Observations made over time can be either discrete or continuous. Both types of observations can be equally spaced, unequally spaced, or have missing data. Discrete measurements can be recorded at any time interval, but are most often taken at evenly spaced intervals. Continuous measurements can be spaced randomly in time, such as measuring earthquakes as they occur because an instrument is constantly recording, or can entail constant measurement of a natural phenomenon such as air temperature, or a process such as velocity of an airplane.
Question : Which analytical method is considered unsupervised?

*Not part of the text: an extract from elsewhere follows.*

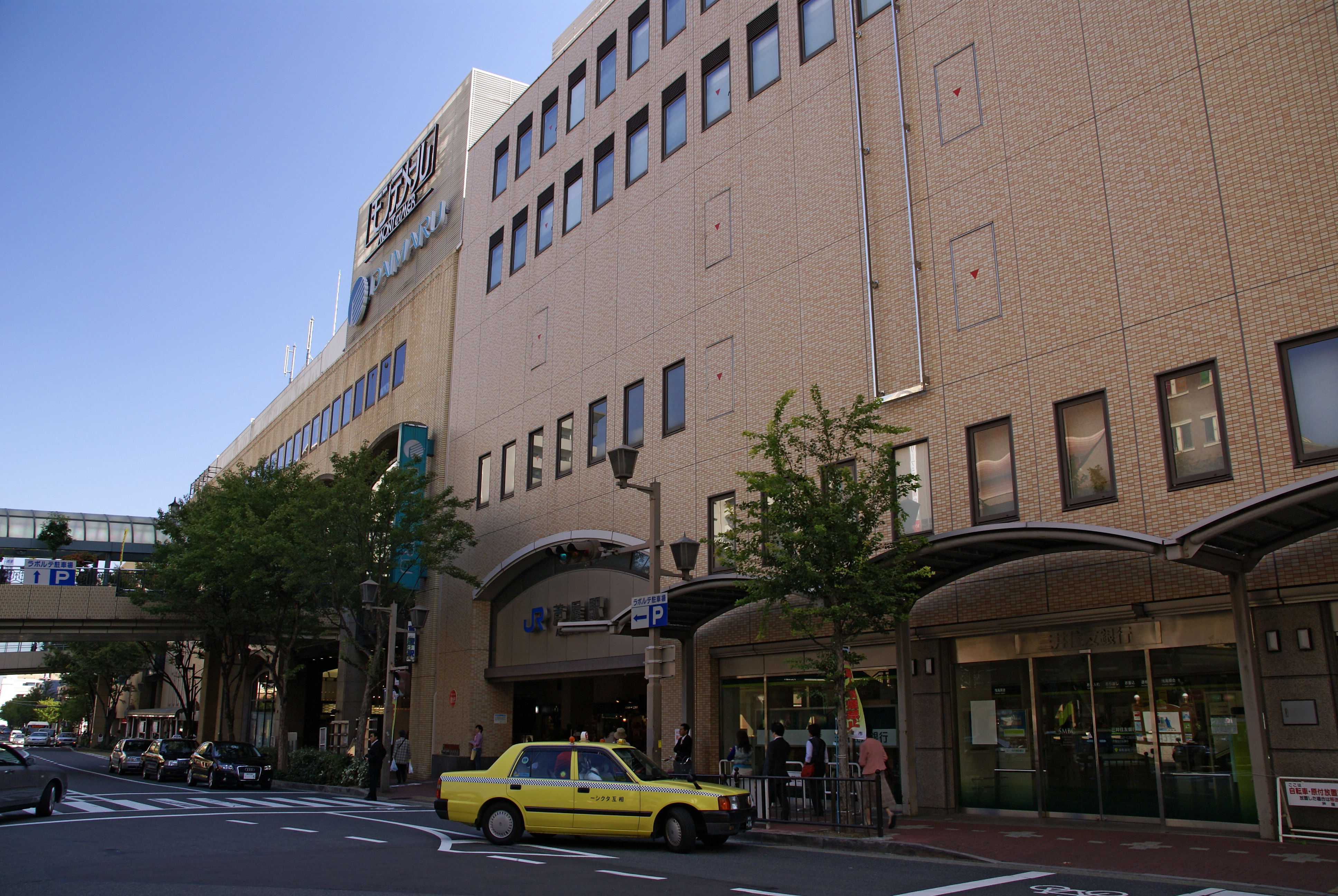 JR Ashiya Station in Ashiya, Hyogo prefecture, Japan

Correct Answer : Get Lastest Questions and Answer : Explanation: kmeans uses an iterative algorithm that minimizes the sum of distances from each object to its cluster centroid, over all clusters. This algorithm moves objects between clusters until the sum cannot be decreased further. The result is a set of clusters that are as compact and well-separated as possible. You can control the details of the minimization using several optional input parameters to kmeans, including ones for the initial values of the cluster centroids, and for the maximum number of iterations. Clustering is primarily an exploratory technique to discover hidden structures of the data, possibly as a prelude to more focused analysis or decision processes. Some specific applications of k-means are image processing, medical, and customer segmentation. Clustering is often used as a lead-in to classification. Once the clusters are identified, labels can be applied to each cluster to classify each group based on its characteristics. Marketing and sales groups use k-means to better identify customers who have similar behaviors and spending patterns.
Question : You have used k-means clustering to classify behavior of , customers for a retail store. You decide to use household income, age, gender and yearly purchase amount as measures. You have chosen to use 8 clusters and notice that 2 clusters only have 3 customers assigned. What should you do?
Explanation: kmeans uses an iterative algorithm that minimizes the sum of distances from each object to its cluster centroid, over all clusters. This algorithm moves objects between clusters until the sum cannot be decreased further. The result is a set of clusters that are as compact and well-separated as possible. You can control the details of the minimization using several optional input parameters to kmeans, including ones for the initial values of the cluster centroids, and for the maximum number of iterations. Clustering is primarily an exploratory technique to discover hidden structures of the data, possibly as a prelude to more focused analysis or decision processes. Some specific applications of k-means are image processing, medical, and customer segmentation. Clustering is often used as a lead-in to classification. Once the clusters are identified, labels can be applied to each cluster to classify each group based on its characteristics. Marketing and sales groups use k-means to better identify customers who have similar behaviors and spending patterns.
1. "Saturated" data, indicating potential issues with data definitions 2. Incomplete data, indicating potential issues with data transmission 3. Access Mostly Uused Products by 50000+ Subscribers 4. The exhibit does not raise any obvious concerns with the data.